Так и пошло-поехало — я сочиняла, муж делал вычитку. В итоге книга увидела свет и даже получила некоторую долю лавров.
— Ну и чего ты сидишь, лапка? — ответил на это супруг. — Иди новую пиши, компьютер ждёт.
— Я бы предпочла, чтобы ждали читатели.
— И они тоже.
Усаженная едва ли не силовым методом к компьютеру, я хмуро смотрела в экран. Ну и о чём мне писать? Надо же не просто слово к слову лепить, но и вложить в них хоть какой-то смысл, о чём-то сказать людям. Однако всё, о чем хотела, я уже сказала и написала.
Или не всё? Остались кое-какие вопросы без ответа. Вот я их сейчас и…
«И» не получалось. Мысли-то у меня были, только никак не удавалось облечь их в связные слова и, тем более, размазать тонким слоем масла по обширному бутерброду сюжета.
Кулинарная метафора вызвала урчание в желудке.
Я пошла на кухню, ублажила мятущуюся душу мужниным борщом. Нет, никто в мире так вкусно его не готовит. С трудом удержавшись от соблазна налить вторую порцию — надо ведь и о фигуре думать — я вымыла посуду и вернулась в комнату.
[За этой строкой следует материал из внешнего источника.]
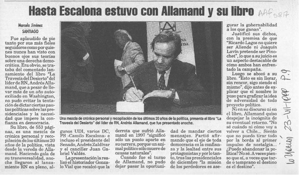 Hasta Escalona estuvo con Allamand y su libro [artículo] Marcela Jiménez.
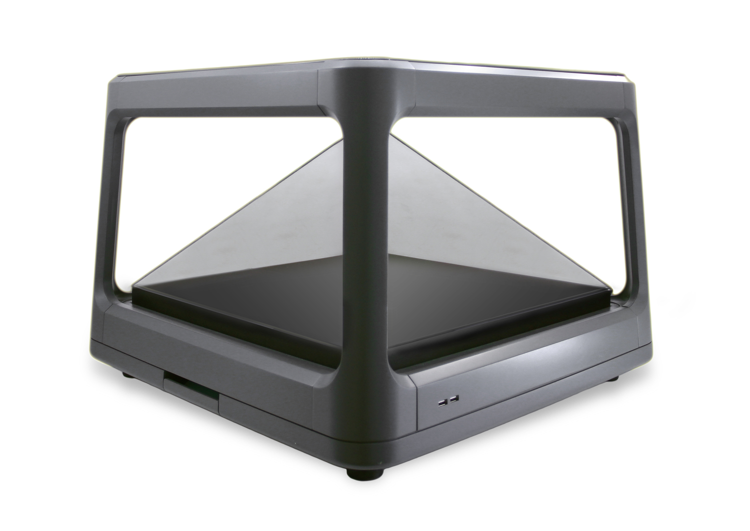De van egy apróság, ami miatt mégsem gondoljuk valós holografikus kijelzőnek: a kisebb változat, a Holus Home Edition (230 x 450 x 450 mm) bemenete egy darab USB port, oldalanként 640k képpontot jelenít meg a 405 x 405 x 191,5 mm térszelet egy-egy oldalán. Ez azt jelenti, hogy a készülék teljes felbontása 2,56 megapixel, tehát valamivel nagyobb a Full HD-nál. A nagyobb változat HDMI-n 1920x1920 felbontású képet szolgáltat. Az USB 3.0 tehát elég adatot (maximum 1600x1600 felbontást) át tud vinni, még akár meg is jelenítheti a négy oldal számára a képet. Ha a piramis teljes területét 1 milliméteres kockákra, képpontokra bontanánk, akkor 7,8 megapixel kellene – a képek alapján viszont ennél nagyobb felbontást tud. Több filmben feltűnik, hogy ha egy másik oldalt is nézünk, a kép azon átlátszó, nem jelenik meg rajta semmi. Más filmeken viszont igen, de ahhoz képest pedig a felbontás túl jó. A piramis oldalai tehát valószínűleg inkább csak egyfajta tükörként funkcionálnak.
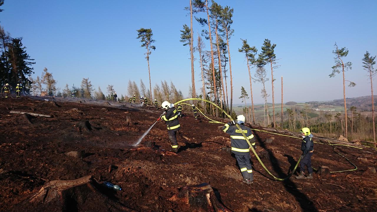 Druhý stupeň požárního poplachu u požáru lesa u Cizkrajova a další pondělní požáry lesní hrabanky

За компьютером сидел незнакомый мужик и внимательно читал свеженабранный текст. Кривился, морщился, что-то ему там не нравилось.
— А нечего лезть в черновой вариант! — сказала я непрошенному «крытику». — Со стороны судить все умные. Сам бы попробовал написать.
— Именно для этого я и явился, — ответил визитёр и встал из-за компьютера, посмотрел на меня.
Ничего мужичок, очень даже симпатичный. Тёмные волосы, карие глаза, южный загар, костюмчик стильный. И голос приятный.
— Я призван решить все ваши творческие сложности, — торжественно изрёк визитёр.
— Спасибо, сама справлюсь.
Мужик покровительственно усмехнулся.
— Если понадоблюсь — зови, — сказал он и исчез.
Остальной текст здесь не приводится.